DIRECTIONS: Include the line containing "Figura 2. Condiciones" and all lines before it, repeated exactly from the listing below, without pictures.

EXERCISE DATA:
- Opening Delimiter -
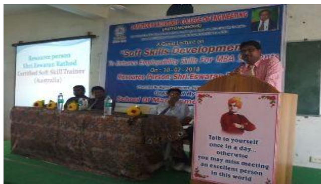
A view of the inaugural of the seminar in MBA
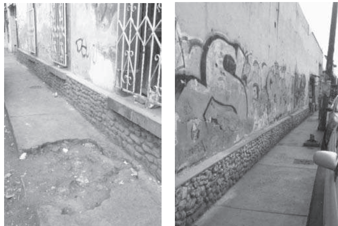
Figura 2. Condiciones deterioradas de la banqueta y obstáculos para transitar en tramo de la calle Jesús Carranza

Otra problemática señalada por los entrevistados fueron las condiciones de deterioro en que se encuentran las banquetas en algunas secciones del Centro Histórico (figura 2), así como la mala ubicación de teléfonos públicos y postes, y el tamaño reducido de la mismas no permiten la circulación de dos personas al mismo tiempo, lo cual ha ocasionado que éstas prefieran transitar por la calle, exponiéndose a ser golpeados por algún automóvil y obstaculizando el flujo vehicular.
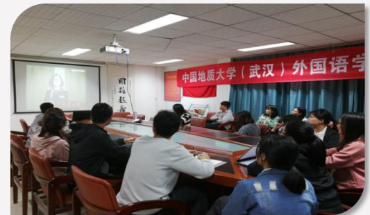
国家安全教育视频课
- Closing Delimiter -
SOLUTION:
A view of the inaugural of the seminar in MBA
Figura 2. Condiciones deterioradas de la banqueta y obstáculos para transitar en tramo de la calle Jesús Carranza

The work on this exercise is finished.